[EXTRACTED INFORMATION Boundary: Start]

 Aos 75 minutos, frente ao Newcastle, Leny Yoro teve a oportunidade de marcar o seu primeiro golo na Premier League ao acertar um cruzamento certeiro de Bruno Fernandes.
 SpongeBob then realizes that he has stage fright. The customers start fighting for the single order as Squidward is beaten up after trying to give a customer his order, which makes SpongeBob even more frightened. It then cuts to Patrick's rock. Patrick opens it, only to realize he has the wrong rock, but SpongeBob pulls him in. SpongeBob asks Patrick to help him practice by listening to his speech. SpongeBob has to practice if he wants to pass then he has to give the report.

[EXTRACTED INFORMATION Boundary: End]
[EXTRACTED INFORMATION Boundary: Start]

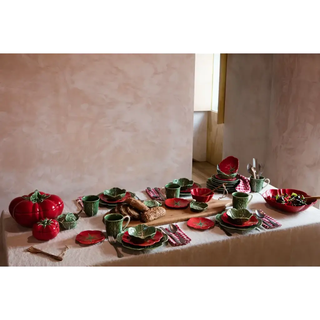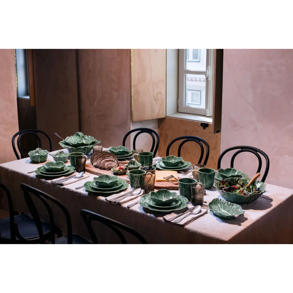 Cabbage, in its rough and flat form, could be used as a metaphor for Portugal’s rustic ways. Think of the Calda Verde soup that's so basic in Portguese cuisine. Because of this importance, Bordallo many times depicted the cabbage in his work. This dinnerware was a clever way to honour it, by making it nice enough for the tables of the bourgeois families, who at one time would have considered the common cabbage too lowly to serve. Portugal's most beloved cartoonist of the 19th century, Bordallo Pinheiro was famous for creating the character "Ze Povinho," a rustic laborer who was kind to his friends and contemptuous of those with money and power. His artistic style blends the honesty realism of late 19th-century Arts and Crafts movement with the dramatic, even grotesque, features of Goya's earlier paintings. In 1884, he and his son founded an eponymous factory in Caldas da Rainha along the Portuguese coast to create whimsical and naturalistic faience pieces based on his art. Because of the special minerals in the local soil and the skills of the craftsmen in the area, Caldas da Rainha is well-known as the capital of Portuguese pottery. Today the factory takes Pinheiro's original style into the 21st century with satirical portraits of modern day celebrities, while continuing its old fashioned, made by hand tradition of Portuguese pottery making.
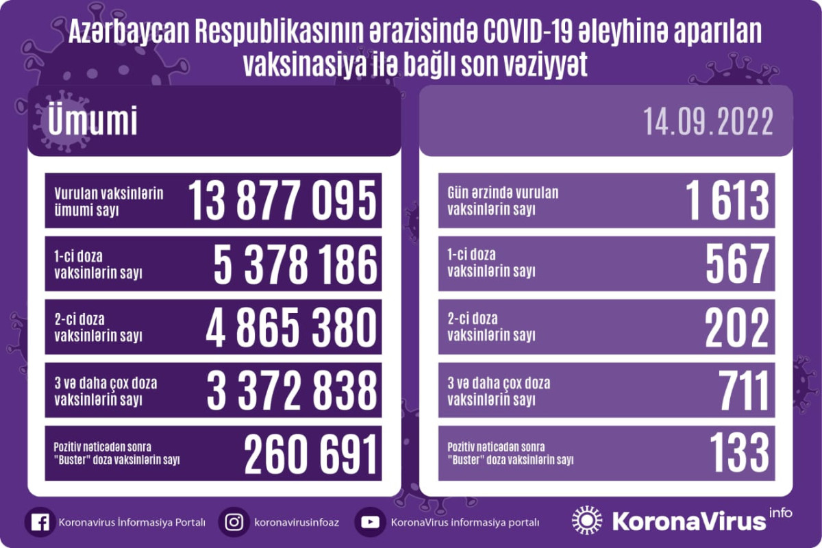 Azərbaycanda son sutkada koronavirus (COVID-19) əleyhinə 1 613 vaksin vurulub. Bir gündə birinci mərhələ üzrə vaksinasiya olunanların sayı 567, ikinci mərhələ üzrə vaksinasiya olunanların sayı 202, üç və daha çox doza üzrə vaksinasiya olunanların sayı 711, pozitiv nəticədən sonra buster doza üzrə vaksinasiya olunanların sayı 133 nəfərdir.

[EXTRACTED INFORMATION Boundary: End]
[EXTRACTED INFORMATION Boundary: Start]

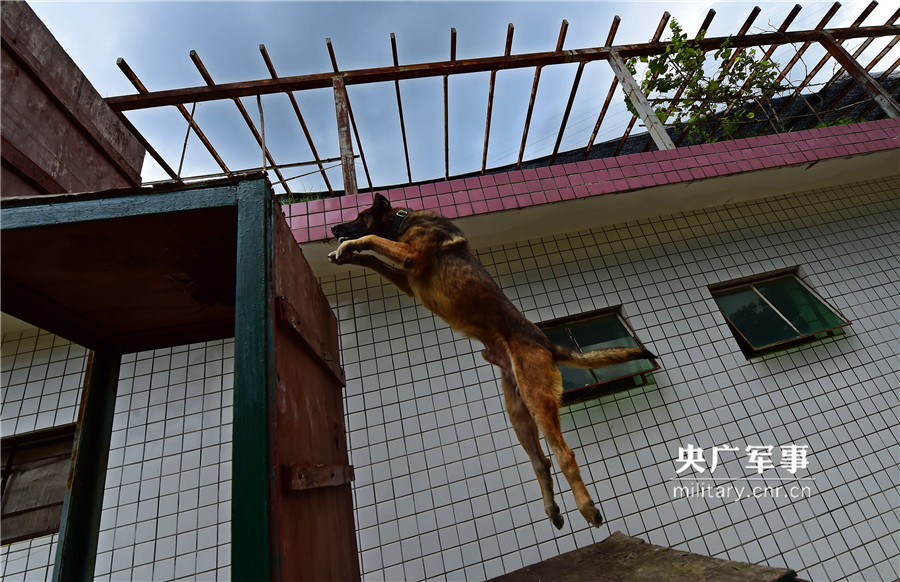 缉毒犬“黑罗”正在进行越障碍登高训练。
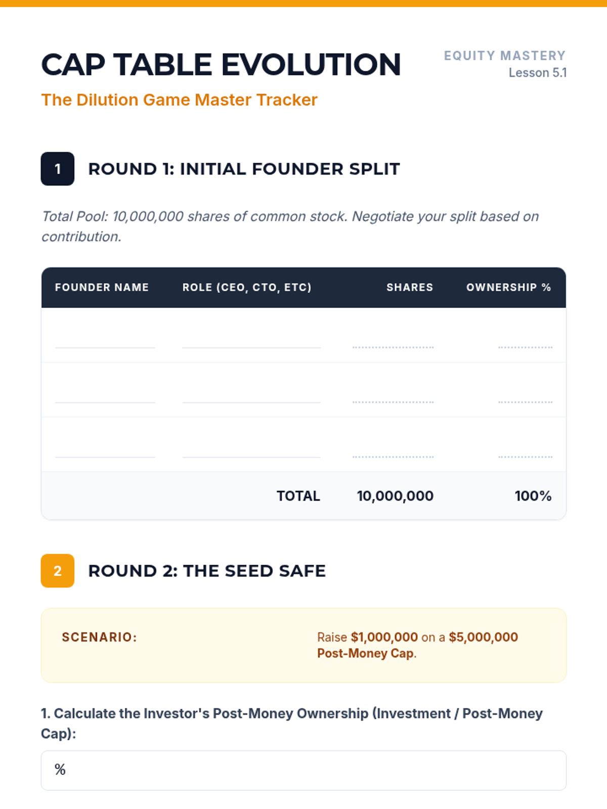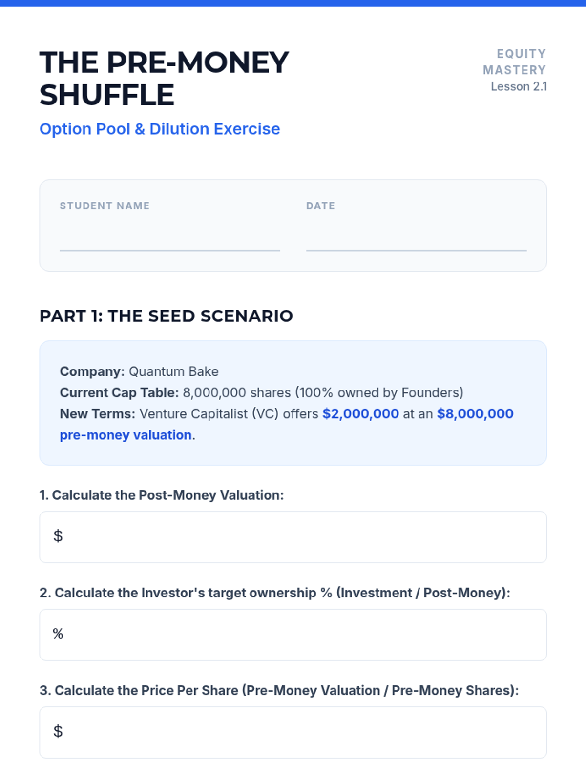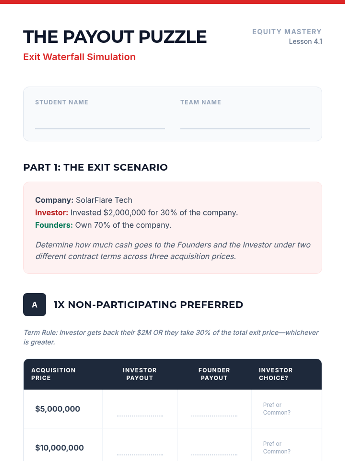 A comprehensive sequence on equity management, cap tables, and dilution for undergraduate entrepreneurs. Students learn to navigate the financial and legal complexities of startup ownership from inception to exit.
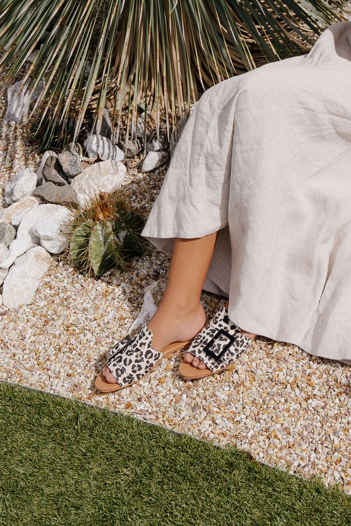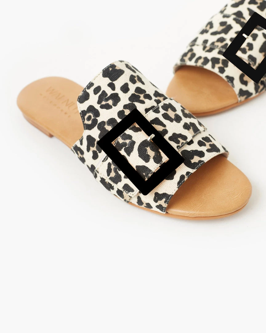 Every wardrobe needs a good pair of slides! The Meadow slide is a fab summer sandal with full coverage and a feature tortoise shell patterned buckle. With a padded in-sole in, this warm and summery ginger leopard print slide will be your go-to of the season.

[EXTRACTED INFORMATION Boundary: End]

EXERCISE AIM: Copy the stretch of the records above that runs from the line with "Aos 75 minutos, frente" through the line with "SpongeBob then realizes". Both end lines belong in the copy, and nothing else does.

SOLUTION BELOW:
 Aos 75 minutos, frente ao Newcastle, Leny Yoro teve a oportunidade de marcar o seu primeiro golo na Premier League ao acertar um cruzamento certeiro de Bruno Fernandes.
 SpongeBob then realizes that he has stage fright. The customers start fighting for the single order as Squidward is beaten up after trying to give a customer his order, which makes SpongeBob even more frightened. It then cuts to Patrick's rock. Patrick opens it, only to realize he has the wrong rock, but SpongeBob pulls him in. SpongeBob asks Patrick to help him practice by listening to his speech. SpongeBob has to practice if he wants to pass then he has to give the report.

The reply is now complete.